3As a member of the U.S. House of Representatives, Douglas voted to table the Wilmot Proviso to amend President James K. Polk’s August 8, 1846 request for funds to negotiate peace with Mexico. He further voted against the engrossment of the amended appropriation bill and against
its final passage. When Douglas resumed his attempt to establish a territorial government
for Oregon in the next session of the U.S. Congress, his previously uncontroversial provision to prohibit slavery in Oregon was caught
up in the continuing debate over the Wilmot Proviso. Southern legislators did not
want Douglas to justify the prohibition of slavery in Oregon based on the language
of the Northwest Ordinance as he initially did, as this language was similarly used in the Wilmot Proviso, which
they also opposed. Instead, southern legislators desired him to ground Oregon’s potential
status as a free territory on an extension of the Missouri Compromise, using the argument
that Oregon was located north of the 36° 30’ north latitude stipulated by that measure
as the dividing line for future slave and free states.
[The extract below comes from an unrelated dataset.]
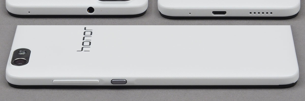 Az akku oly annyira nem elsődleges, hogy még csak másodlagosnak sem mondhatjuk, mivel nem is látszik; a telep nem is cserélhető házilag. A telefon bal oldala üres, a két fő gomb a jobb oldalra, annak is a felső részére került. Fent és lent egy-egy mikrofon dolgozik, amelyet fent a fülhallgató kimenete, lent pedig a microUSB valamint a külső hangszóró nyílása egészít ki. A hátlap csak a fényképező és a hozzá tartozó LED-es villanót rejti, illetve itt azért már olvasható egy Honor felirat.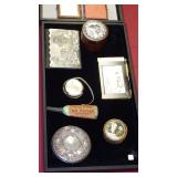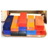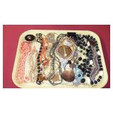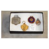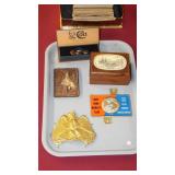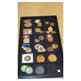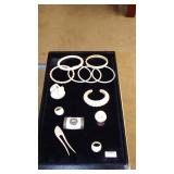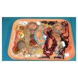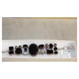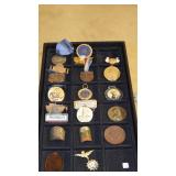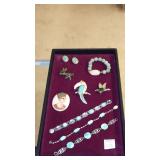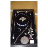 JEWELRY: 14K, 10K & STERLING FASHION RINGS, STERLING AND 14K "RONJON" SIGNED BRACELET, .950 SILVER MEXICO MULTI STONE BRACELET SIGNED "HOB", .800 SILVER CAMEO BROOCHES, UN-SET CAMEOS, ROSS-SIMONS 14K CORAL DROP EARRINGS AND STERLING w/AMETHYST AND TANZANITE BRACELET WITH ORIGINAL BOXES, WEISS SIGNED JEWELRY, CORO CRAFT STERLING RHINESTONE AND ENAMEL BIRD BROOCH, TRAY LOTS OF STERLING AND VINTAGE COSTUME JEWELRY, ANTIQUE WATCH FOBS, ASSORTED MEDALS AND TOKENS.

An amendment to this effect
failed, but Douglas pledged to support an extension of the Missouri Compromise line
in place of the Wilmot Proviso’s prohibition of slavery in all land acquired from
Mexico, and his Oregon bill ultimately passed. When the Wilmot Proviso came up for
debate again in February 1847, Douglas proposed an ultimately unsuccessful amendment
to establish an extension of the Missouri Compromise line as the basis for the Proviso’s
limitations on slavery. Throughout debate on the Wilmot Proviso, Douglas opposed it
as originally drafted.
Robert W. Johannsen, Stephen A. Douglas (Urbana: University of Illinois Press, 1997), 200-205.
4As chairman of the U.S. Senate Committee on Territories, Douglas oversaw the proposal
and passage of the 1854 Kansas-Nebraska Act, which proposed the creation of the Kansas and Nebraska territories and established popular sovereignty as the method by which the slave
status of these territories would be determined. The Kansas-Nebraska Act effectively
superceded the Missouri Compromise by ignoring the latter’s stipulation that any new
states north of 36° 30’ north latitude should enter the union as free states.
Robert W. Johannsen, Stephen A. Douglas, 402, 405-34.
5The U.S. Supreme Court decision in Scott v. Sandford found in part that American citizens had the right to transport their property, including
enslaved peoples, wherever they chose within the United States regardless of the desire
of residents of individual states or territories to prohibit slavery. Lincoln queried
Douglas on the contradiction of his support of the decision in Scott v. Sandford and his promotion of the concept of popular sovereignty during the second Lincoln-Douglas Debate at Freeport on August 27, 1858, in what would become a major point of contention in the 1858 U.S. Senate race in Illinois.
Walter Ehrlich, “Dred Scott Case,” Dictionary of American History, rev. ed. (New York: Charles Scribner’s Sons, 1976), 2:370; Joseph Medill to Abraham Lincoln; Second Debate with Stephen A. Douglas at Freeport, Illinois; Second Debate with Stephen A. Douglas at Freeport, Illinois; Second Debate with Stephen A. Douglas at Freeport, Illinois; Don E. Fehrenbacher, Prelude to Greatness: Lincoln in the 1850’s (Stanford, CA: Stanford University Press, 1962), 121-42.
6Several other correspondents wrote to Lincoln during the campaign of 1858 to encourage
him to attack Douglas offensively in his speeches, rather than speak defensively.
John Mathers to Abraham Lincoln; Johnson H. Jordan to Abraham Lincoln; Leander Munsell to Abraham Lincoln; David Davis to Abraham Lincoln.
Autograph Letter Signed, 3 page(s), Abraham Lincoln Papers, Library of Congress (Washington, DC).